The aim of this project is to extract meaningful insights about champion performance, team efficiency, player rankings and game dynamics across 7 years of professional League of Legends play.
A relational database was built from Oracle's Elixir competitive dataset (2018-2025). The original data consisted of separate yearly CSV files, merged via Python into a single staging table and then normalized into a clean dimensional model. It is not uploaded due to its size.
The 2018-2025 window was chosen deliberately: it coincides with the franchising era across major leagues, ensuring more consistent competition structures and team stability.

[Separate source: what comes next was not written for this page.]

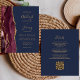 Economize no custo de impressão e envio de cartões RSVP separados com este convite de casamento econômico, moderno e elegante, tudo em um. A borda esquerda apresenta uma borda de ágata em aquarela burgundy aparada com brilho falso dourado. O texto personalizável combina escrita à mão em dourado, fontes copperplate e itálico em um fundo azul-marinho. O verso fornece espaço para detalhes do casamento em um fundo azul-marinho sólido, juntamente com um código QR que os convidados podem escanear para visitar seu site e responder. OBSERVAÇÃO: os envelopes não estão incluídos automaticamente com esses convites econômicos, então lembre-se de escolher a opção "envelopes brancos em branco"!

The model follows a star schema with 1 fact table and 7 dimension tables:
| Table | Type | Description |
|---|---|---|
player_stats |
Fact | One row per player per game. Core analytics table. |
team_stats |
Dimension | Objective and macro stats per team per game. |
games_info |
Dimension | Game metadata: date, patch, split, playoffs, duration. |
teams |
Dimension | Team registry. |
players |
Dimension | Player registry, keyed by Oracle's Elixir player ID. |
leagues |
Dimension | League registry with region mapping. |
champions |
Dimension | Champion pool with role and subrole classification. |
bans |
Dimension | One row per ban, with ban order. |
├── schema.sql # Database creation, tables, PKs, FKs, constraints
├── load_data.sql # Data load from raw_data staging table
├── objects.sql # KDA function & 2 business views
├── eda.sql # Data quality checks, EDA, business questions
└── schema_diagram.JPG # ER diagram
- MySQL 9.7
- Python 3.x with
Pandas,SQLalchemyypyMYSQL: - Execute the lane below to install them:
pip install pandas sqlalchemy pymysql- Download all the yearly CSV files you wanna analyze from Oracle's Elixir.
- Place them in a
/datafolder in the same directory as the Python script. - Execute schema.sql to create the database and all tables for data import.
- After
Configuration(read below), run the Python script to merge CSVs and loads raw_data into MySQL. - Execute
load_data.sql. It may fail due to MYSQL limitations withINDEXandIF EXISTSinteractions. At the beginning of the file, in theCLEANING PATCHsection, it is explained how to proceed. - Execute
objects.sql. - Execute
eda.sql. If you understand the code, feel free to modify some filter criteria to analyze data your own way.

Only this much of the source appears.